Очень широкое раскрытие русской жизни характеризует любые классические образцы русской оперы. История любого героического подвига, любой жертвы, какую можно сопоставить с подвигом и жертвами Леоноры, всегда дается русскими композиторами-классиками на основе глубокого художественного своеобразия в обрисовке этого подвига, этой жертвы. Так обстоит дело не только в «Иване Сусанине», но даже в одной из последних корсаковски.ч опер — в «Китеже». Вряд ли можно найти произведение оперного жанра, более полярно противоположное бетховенскому «Фиделио»! И тем не менее опера Римского-Корсакова не нарушает, не отрицает тех принципов большой русской оперной драматургии, которые ведут свое происхождение от Глинки. Особенно разительно выявляется своеобразие русского женского героизма на сравнении Леоноры с Февронией. Именно раскрытие этической высоты Фев-ронии определило весь комплекс музыкально-драматических, жанровых средств, интонационного материала симфонизма этой оперы-легенды Римского-Корсакова. Композиция сцен, противопоставления действующих лиц (особенно Гришки Кутерьмы) и драматических картин-коллизий, решение финала-апофеоза — все это глубоко' русское, национально-традиционное и вместе с тем совершенно новое, необыкновенное. Вместе с тем «Китеж» не нарушает тех общих принципов новой музыкальной драматургии, которые были с гениальной силой высказаны Бетховеном. Не нарушает их ни «Хованщина», ни «Царская невеста», ни «Пиковая дама», как бы ни были различны эти вершины русской оперной классики, замечательной единством и цельностью своего многообразия.

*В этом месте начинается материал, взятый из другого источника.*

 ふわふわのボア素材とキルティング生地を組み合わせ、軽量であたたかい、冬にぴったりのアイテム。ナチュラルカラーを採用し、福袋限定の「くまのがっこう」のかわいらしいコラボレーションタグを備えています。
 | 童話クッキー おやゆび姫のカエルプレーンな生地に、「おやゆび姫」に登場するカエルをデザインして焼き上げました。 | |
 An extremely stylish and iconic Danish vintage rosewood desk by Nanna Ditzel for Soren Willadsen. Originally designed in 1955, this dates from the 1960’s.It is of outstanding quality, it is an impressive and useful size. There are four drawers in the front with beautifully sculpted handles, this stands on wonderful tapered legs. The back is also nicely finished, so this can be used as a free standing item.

Бетховен стоял на вершине своей эпохи. И со своих идейно-художественных высот он смотрел далеко вперед через головы современников и ближайших наследников...

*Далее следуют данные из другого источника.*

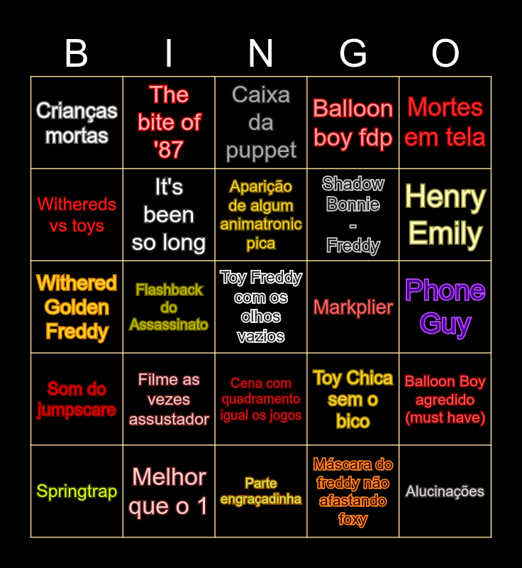 This bingo card has a free space and 24 words: Filme as vezes assustador, Melhor que o 1, Aparição de algum animatronic pica, Springtrap, Mortes em tela, Crianças mortas, Withereds vs toys, The bite of '87, Markplier, Cena com quadramento igual os jogos, Shadow Bonnie - Freddy, Withered Golden Freddy, Toy Chica sem o bico, Balloon Boy agredido (must have), It's been so long, Máscara do freddy não afastando foxy, Phone Guy, Caixa da puppet, Henry Emily, Flashback do Assassinato, Alucinações, Som do jumpscare, Balloon boy fdp and Parte engraçadinha.

Великие русские оперные мастера, доведя свое национальное искусство до величайшего расцвета к концу XIX столетия, подобно Бетховену, стояли на вершине своей эпохи. Они продемонстрировали всему миру новые достижения музыкальной драматургии, новые возможности ее развития. Именно они — Чайковский, Мусоргский, Римский-Корсаков, — опираясь в своем творчестве на заветы Глинки, решительно и во весь голос сказали, что русская школа, развивая свои национальные особенности музыкально-драматического стиля, не только не изолирует себя от оперного искусства западноевропейских школ, но считает себя органической частью большого мирового искусства, среди значительнейших эпохальных произведений которого «Фиделио» Бетховена занимает одно из самых больших и почетных мест.

  • 1. Он упорно называет оперу Бетховена подлинным именем героини.
  • 2. Все ссылки на F. Роллана даются по изданию: Ромен Роллан. Собрание музыкально-исторических сочинений в девяти томах, т. 7. М., Музгиз, 1938.
  • 3. Семидесятипятилетие со дня смерти А. Н. Серова исполнилось 1 февраля 1946 года.